No. 7 - Crusted With Salt
My cabin is one level up from the main deck overlooking the starboard bow. Above, and set way back, are the master's and chief engineer's cabins, the radio room, and the radio officer's cabin. Above them is the bridge. The ports look out over the forecastle where the anchor windlass, capstans and bollards are firmly rooted. I can see over the bow to the horizon and the view is more intimate with the oncoming sea than that from any other protected vantage point. To take advantage of such a spot, however, one must be able to see. The weather, while not being mean, has been soggy and miserable -- fog, rain, wind and icebergs. Every time I've gone to the bridge in the last several days, the captain has been there pacing. Our tracklines between stations look like the trail of a drunk sailor. My windows are crusted with salt and there's nothing to see.

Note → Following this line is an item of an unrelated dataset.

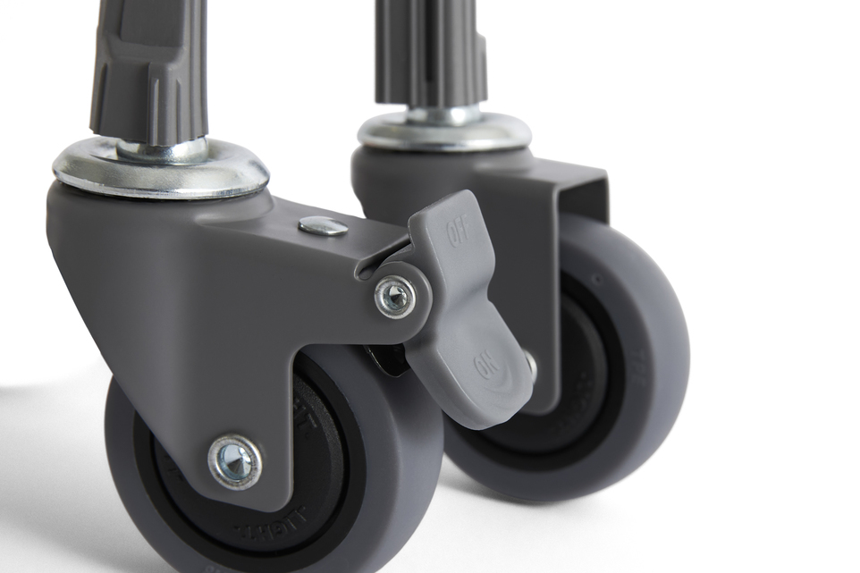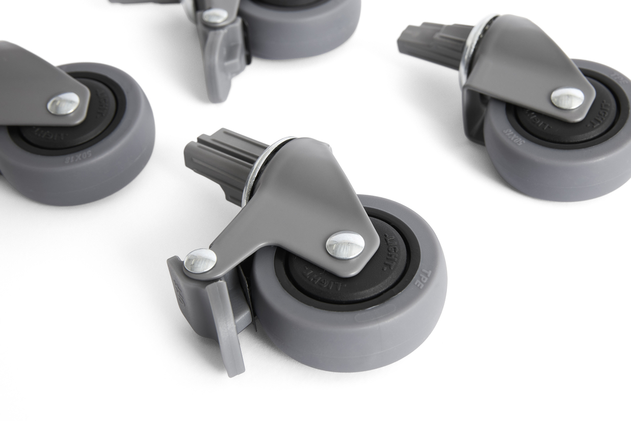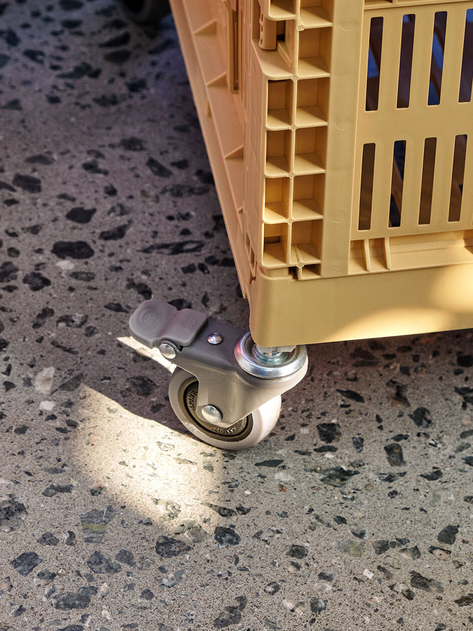 HAY COLOUR CRATE 輪子專為 COLOUR CRATE M/L系列設計,讓收納盒從地面抬高、輕鬆移動,並拓展更多使用與收納方式。採用差插式設計,安裝簡單,其中兩個輪子附有止滑功能,讓收納更加靈活便利。

But the weather began to change as we moved east and north. It snowed early this morning -- enough for several inches to pile up and for the night watches to throw snowballs at the oceanographer who was trying to listen to BBC on his portable short-wave radio in order to collect late-breaking stories for the newspaper he posts every morning -- but that's another story. Later today, as we came past the end of King George Island, the fog began to retreat, we got glimpses of smaller islands and grounded hulks of icebergs and even the sun for a moment or two. I retreated to my cabin to write some notes in the afternoon as the ship turned downwind and we traveled with a following sea to the next station. The fog had thinned had there was noticeably more light and texture in my spaces -- which consist of a foreroom, about 6 by 9 feet containing a clothes cupboard, a small refrigerator, a desk and a bench, plus an alcove for a sea bed and an all-in-one sink/toilet/shower. Best of all, there are three rectangular ports, each about 1 by 2 feet. After clearing away some rust, some weather crust and a coat of new paint covering it all, I opened one port wide and enjoyed the afternoon. The wind was behind us and the ship was riding the swell comfortably; I could hear an albatross all the way from his normal flying position off our stern as he looked for edible morsels to jump out of our wake; and it was glorious to be able to see more than a few hundred feet. Hump day is tomorrow and this may be a good omen.